だが次の瞬間には、あの脆さと依存心が、再び彼女の顔を覆っていた。「よ……よろしい……わたくしは王都で……あなたを待っています……」
「では陛下、一刻を争いますゆえ、臣下はこれにて失礼し、直ちに手配に移らせていただきます」
「ええ……ええ……」
女王はすすり泣きながら、その真っ赤な目で、ミゲル・フラッドを筆頭とする領主たちが、満足げに踵を返して去っていくのを見送った。
最後の領主の姿も大広間の戸口から消えた時、玉座の間は、瞬時に静寂に包まれた。
「ミリエル様、ご無事ですか? わたくしが……」コーナはついに堪えきれなくなり、足早に玉座の前まで進み出て、用意していたハンカチを取り出し、君主の顔の涙を拭おうとした。
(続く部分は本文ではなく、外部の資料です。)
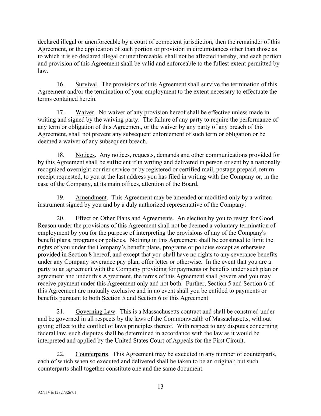 ACTIVE/123273267.1 13 declared illegal or unenforceable by a court of competent jurisdiction, then the remainder of this Agreement, or the application of such portion or provision in circumstances other than those as to which it is so declared illegal or unenforceable, shall not be affected thereby, and each portion and provision of this Agreement shall be valid and enforceable to the fullest extent permitted by law. 16. Survival. The provisions of this Agreement shall survive the termination of this Agreement and/or the termination of your employment to the extent necessary to effectuate the terms contained herein. 17. Waiver. No waiver of any provision hereof shall be effective unless made in writing and signed by the waiving party. The failure of any party to require the performance of any term or obligation of this Agreement, or the waiver by any party of any breach of this Agreement, shall not prevent any subsequent enforcement of such term or obligation or be deemed a waiver of any subsequent breach. 18. Notices. Any notices, requests, demands and other communications provided for by this Agreement shall be sufficient if in writing and delivered in person or sent by a nationally recognized overnight courier service or by registered or certified mail, postage prepaid, return receipt requested, to you at the last address you has filed in writing with the Company or, in the case of the Company, at its main offices, attention of the Board. 19. Amendment. This Agreement may be amended or modified only by a written instrument signed by you and by a duly authorized representative of the Company. 20. Effect on Other Plans and Agreements. An election by you to resign for Good Reason under the provisions of this Agreement shall not be deemed a voluntary termination of employment by you for the purpose of interpreting the provisions of any of the Company's benefit plans, programs or policies. Nothing in this Agreement shall be construed to limit the rights of you under the Company’s benefit plans, programs or policies except as otherwise provided in Section 8 hereof, and except that you shall have no rights to any severance benefits under any Company severance pay plan, offer letter or otherwise. In the event that you are a party to an agreement with the Company providing for payments or benefits under such plan or agreement and under this Agreement, the terms of this Agreement shall govern and you may receive payment under this Agreement only and not both. Further, Section 5 and Section 6 of this Agreement are mutually exclusive and in no event shall you be entitled to payments or benefits pursuant to both Section 5 and Section 6 of this Agreement. 21. Governing Law. This is a Massachusetts contract and shall be construed under and be governed in all respects by the laws of the Commonwealth of Massachusetts, without giving effect to the conflict of laws principles thereof. With respect to any disputes concerning federal law, such disputes shall be determined in accordance with the law as it would be interpreted and applied by the United States Court of Appeals for the First Circuit. 22. Counterparts. This Agreement may be executed in any number of counterparts, each of which when so executed and delivered shall be taken to be an original; but such counterparts shall together constitute one and the same document.
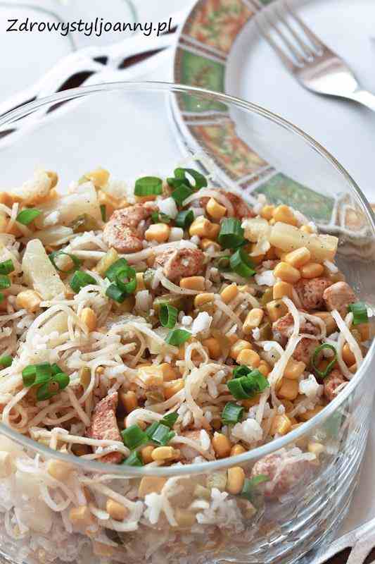 Sałatka z selera konserwowego i ananasa. Ta sałatka to zdrowy posiłek. Delikatny, soczysty kurczak z ananasem, z dodatkiem ryżu, selera oraz ogórka
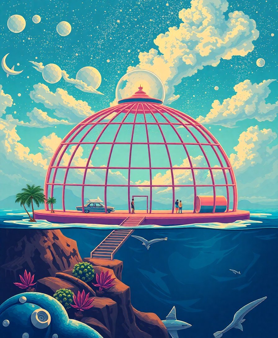 Ultimately, step back and admire your completed utopian underwater scene. Moreover, the atomic-age dome structure surrounded by vibrant marine life creates a stunning focal point. Therefore, your finished artwork embodies the perfect blend of vintage sci-fi and tropical paradise themes.

しかし、彼女が顔を上げた時、見たのは、彼女が今まで一度も見たことのない、ミリエルの顔だった。
涙は、まだその精緻な顔に残っている。
しかし――
ついさっきまで無力さと恐怖に満ちていたはずのその双眸が、完全に変わっていた。
そこには一片の温度もなかった。氷のように冷たく、空虚で、まるで命のない石塊を見ているかのようだ。彼女はもう震えてもおらず、すすり泣いてもいない。ただ静かに玉座にもたれかかり、まるで完璧な、感情のない人形のようだった。
彼女の口角が、ゆっくりと、ゆっくりと、弧を描き始めていた。
それは、狩人が、獲物が罠にかかるのを見る時にだけ見せる、あの笑みだった。